Except one. I’m saying I’ll do everything
I want here while you’re away!
But there’s one thing I won’t do.
I won’t sleep in our bed without you.
No. It doesn’t please me to do so.
I’ll sleep where I damn well feel like it –
where I sleep best when you’re away
and I can’t hold you the way I do.
On the broken sofa in my study.

A. is bugging me to read Raymond Carver’s fiction. He’s good, he’s good, he says, he’s damn good. There’s something about his name that sounds so familiar so I looked among my things — I have a box full of random scraps of paper with lots of stuff written on them — and found this poem. A-ha!

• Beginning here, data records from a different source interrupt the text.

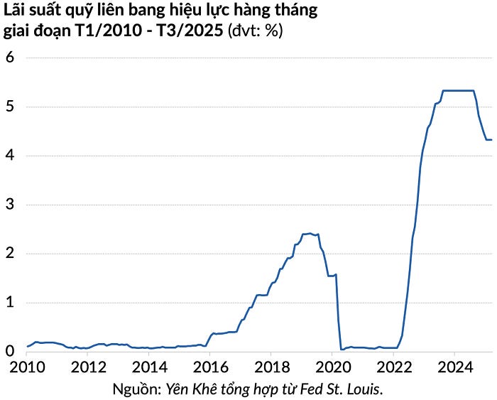 Fed đã duy trì lãi suất trong phạm vi 4,25% - 4,5% kể từ đầu năm 2025 đến nay giữa những tín hiệu cho thấy chính sách thương mại của chính quyền mới sẽ gia tăng áp lực lạm phát và kìm hãm tăng trưởng.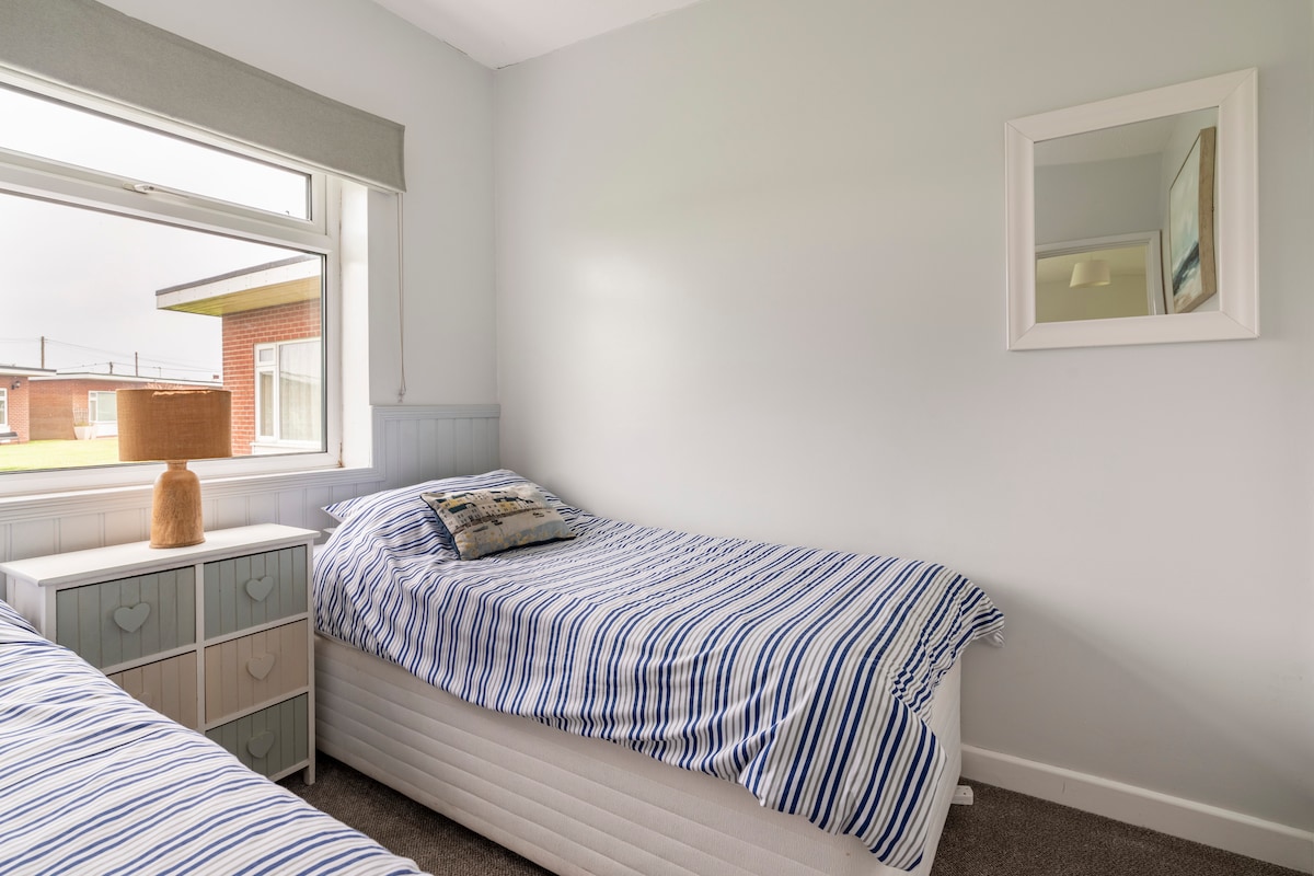 Nyd den store Norfolk-himmel og de brede åbne strande, når du bor i denne rene, attraktive og veludstyrede, kæledyrsvenlige hytte i en rækkehus. 5-10 min. gang til stranden og faciliteter. Håndklæder og sengetøj er inkluderet, ubegrænset gratis wi-fi, opvarmet indendørs swimmingpool (adgangskort inkluderet), gratis parkering. Et fuldt udstyret køkken med elkomfur, mikrobølgeovn, vaskemaskine, køleskab med fryser og alt service og bestik, der er nødvendigt for en familie, der selv laver mad. Chaleten er ikke-ryger.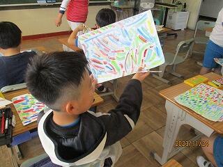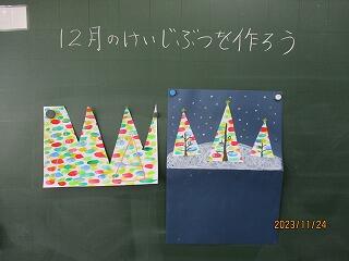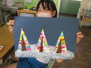 いろんな色に塗ったものを切り取って、クリスマスツリーに仕上げていました。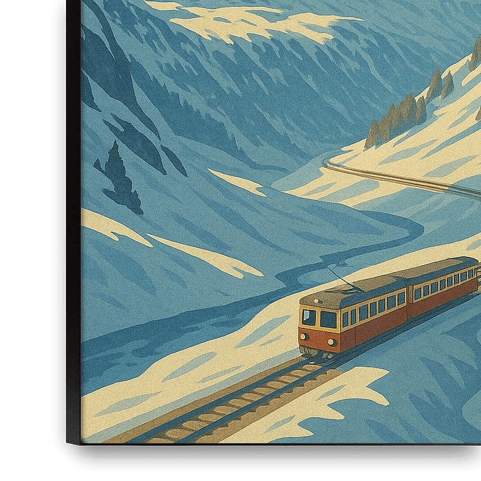 Cette œuvre d'art illustre la majesté époustouflante des Alpes, en Suisse, avec d'imposants sommets enneigés et un train sinueux qui traverse les montagnes. Reprenant le style classique des affiches de voyage Art déco, la composition mélange des bleus froids et des lumières chaudes et dorées, créant une scène à la fois puissante et paisible. Le Cervin et les sommets environnants dominent la vue, tandis que le train d'époque ajoute une touche nostalgique d'aventure.

Something to talk about tonight.

At Least
Raymond Carver

I want to get up early one more morning,
before sunrise. Before the birds, even.
I want to throw cold water on my face
and be at my work table
when the sky lightens and smoke
begins to rise from the chimneys
of the other houses.
I want to see the waves break
on this rocky beach, not just hear them
break as I did all night in my sleep.
I want to see again the ships
that pass through the Strait from every
seafaring country in the world—
old, dirty freighters just barely moving along,
and the swift new cargo vessels
painted every color under the sun
that cut the water as they pass.
I want to keep an eye out for them.
And for the little boat that plies
the water between the ships
and the pilot station near the lighthouse.
I want to see them take a man off the ship
and put another up on board.
I want to spend the day watching this happen
and reach my own conclusions.
I hate to seem greedy—I have so much
to be thankful for already.
But I want to get up early one more morning, at least.
And go to my place with some coffee and wait.
Just wait, to see what’s going to happen.